Happy News Year

The networks cast their anchors for 2005.

At the end of a year that saw major changes in the TV news world, several networks are reshuffling their decks of talking-head playing cards. MSNBC is trying to woo Crossfire’s co-host Tucker “Stop Hurting America” Carlson away from CNN (he also hosts the more polite Unfilteredon PBS) for a nightly show of his own, to fill the prime-time slot of the departing Deborah Norville. CBS is coyly dangling Katie Couric’s name as a possibility to replace Dan Rather, which would make her the first solo female anchor of a network news broadcast (and the first female network anchor, period, since the ill-fated Dan Rather/Connie Chung co-hosting experiment of the mid-90s). And in January MSNBC is debuting a new, as-yet-unnamed daytime show co-hosted by former Fox commentator (and sometime plagiarist) Monica Crowley and ubiquitous presidential offspring Ron Reagan. What, if anything, do these changes portend for television news and the state of our national conversation in 2005? And do any of these new network/anchor combos sound like something you’d actually watch? Discuss among yourselves, or send e-mail to We’ll reconvene next week after the … er … holiday.  … 11:27 a.m.

Tuesday, Dec. 21, 2004

Never—not even when soliciting entries for a Jeopardy! drinking game—have I gotten as much reader response as I did from last week’s short item, “Putting the Christ Back in Christmas.” (Click here and scroll down.) The feedback ranged from hate mail (Note to potential pen pals: Letters addressed to “Surfbitch” or beginning with the words “Sieg Heil!” are less than likely to be read through to the end), to well-meaning attempts at religious conversion (thanks for the thought, but God-wise, I’m good, really), to many sincere expressions of goodwill, and not a few excellent sightings of the new holiday hostility on TV and in the media.

Apparently without even realizing it, Surfergirl was indeed surfing the crest of a tsunami. Over the past few days, the save-Christmas meme has been everywhere: from the Fox News banner reading “Christmas Under Attack!” that ran all weekend under holiday-related stories; to Peggy Noonan pleading with Terry McAuliffe to “stop the war on religious expression in America” by ringing a bell and yelling “Merry Christmas!”; to the ubiquity of William Donohue, the Catholic League president who was quoted last week as saying that “Hollywood is controlled by secular Jews who hate Christianity in general and Catholicism in particular.” Donohue, who should have been persona non grata on the talk-show circuit after that disgraceful outburst, was back on Hardball last night, cross-talking with a rabbi and an atheist about something or other—I couldn’t bring myself to watch.
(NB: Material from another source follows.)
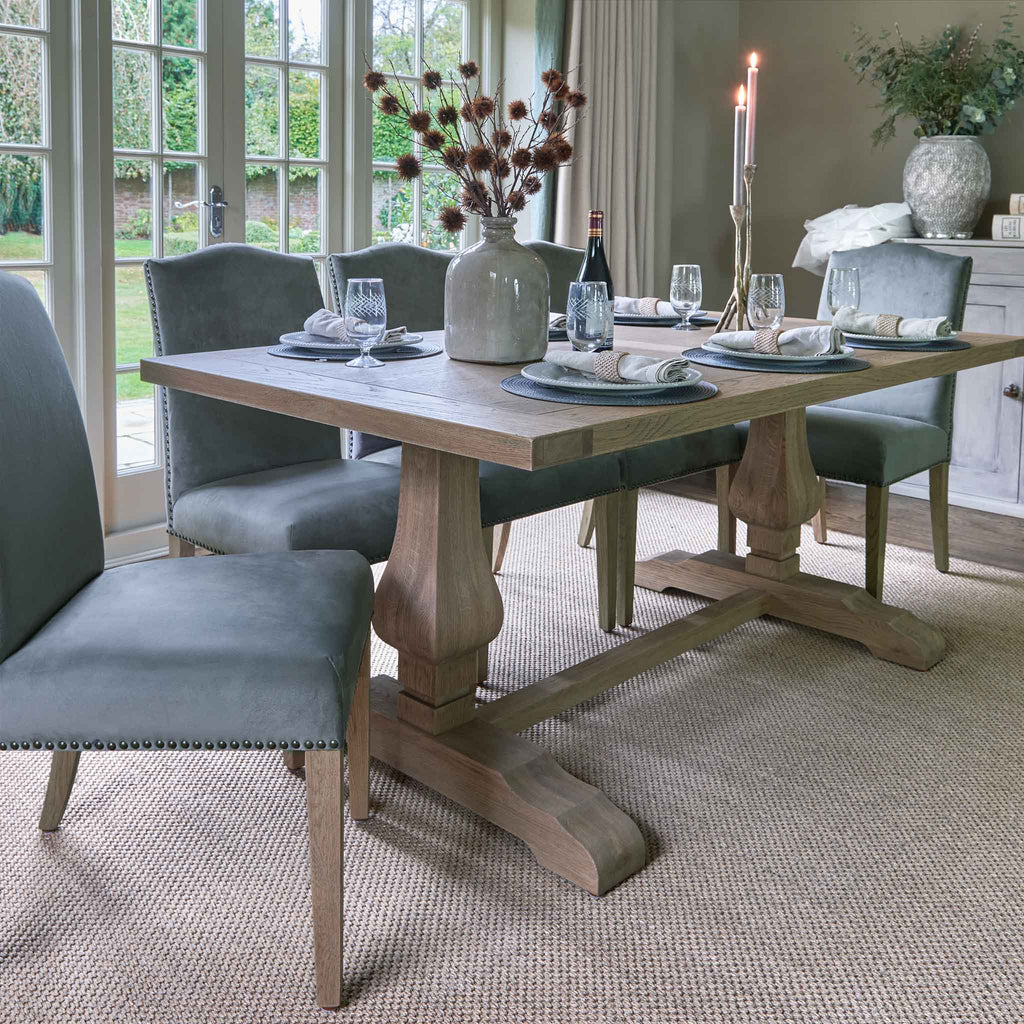 - Handcrafted from solid oak and finished with our signature multi-staged weathered oak finish to enhance the wood’s natural warmth and character.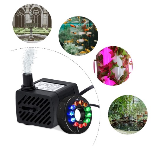 Ta mini pompa wodna z diodą LED dodaje do tradycyjnej diody LED 12 diod LED w czterech kolorach (żółty, zielony, czerwony, niebieski), wnosząc do pomieszczenia wspaniały kolor i atmosferę.

The problem here, of course, has nothing to do with the utterance or non-utterance of four perfectly unobjectionable Anglo-Saxon syllables denoting holiday cheer. No, the right’s defensiveness on the Christmas issue seems to be little more than a seasonal variation of the same sore-winner language that’s saturated the airwaves since the election. As of Nov. 2, the Christian right now controls every branch of government except, arguably, the Supreme Court (and, Donohue’s anti-Semitic paranoia to the contrary, a good chunk of the media as well.) What gives, guys? You’ve got the country by the throat—take it easy. Have some eggnog. Stand over here by the mistletoe (well, maybe not you, Bill O’Reilly.)

One reader wrote in to cite, not a television show, but a Christmas letter from relatives who explicitly rejected “this politically correct happy holidays stuff—we all know what we mean when we say ‘Merry Christmas’, and it is time for the rest of the country to get with the program.” That language perfectly summarizes the pugilistic tone of the save-Christmas crowd. If “Merry Christmas” means peace on earth, gingerbread and visions of sugarplums dancing in our heads, then I wish it to everyone out there, be they Jew, Christian, Muslim or pagan. If it’s code for “get with the program,” I think I’ll change the channel. … 2:18 p.m.